Theres lots of casinos in dublin.  Matt cooper (i think)  had a good chat with the guy out of the merrion the other night, the place that held the world championship.  Theres a poker  tournament every wednesday with upwards of 120 people attending.  If I heard it right, 20e entry and 4000e prize money.  Cant see the economics of that so I must have heard it wrong, unless its a means to just getting people to go the place.  anyone?


----------



## pksal (3 Jul 2004)

*ezyliving*

I didn't realise that there was a casino in Dublin.  Except for the Marino Casino of course, you learn something new every day.

Machine I agree with you most of us 'joe soaps' go to the local restaurants.  

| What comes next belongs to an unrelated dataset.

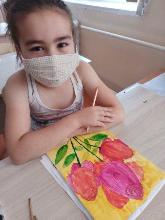 №30 «Ораз Жандосов атындағы жалпы орта мектеп» КММ » Мектеп » Очередное занятие кружка "Акварелька" было посвящено цветочной теме.Ребята с удовольствием знакомились с элементами флористики в живописи. И вот что у них получилось...
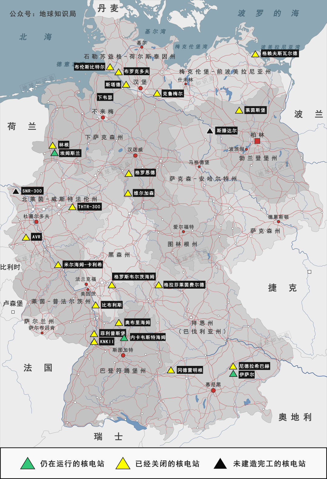 距今为止,德国全境原本的17座核电站

I went out last night to La Caverna in Temple bar and had a lovely meal there.  I saved myself €15.00.  I have never been there before.  Why I don't know, because I always end up going to Luigi Malone's right across the road.  Anyway The meal was lovely and I have to say I would go back.  

I also went to Lisa Tratorria in Terenure on Thursday night.  I have to say that was really good.  The food there was great.  A real nice old Italian Style restaurant.  Highly recommended.  Again I have never been and only for the ezyliving guide, I probably would never have gone.

I am going to go down to the Japanese Gardens this weekend if the weather is any good.  Haven't been there since I was a kid.  

OK so I am probably overdoing it a bit going out and about using the ezyliving guide.  But I guess I am delighted with it, I am definitely getting my moneys worth here.  The best buy I have had in years.


----------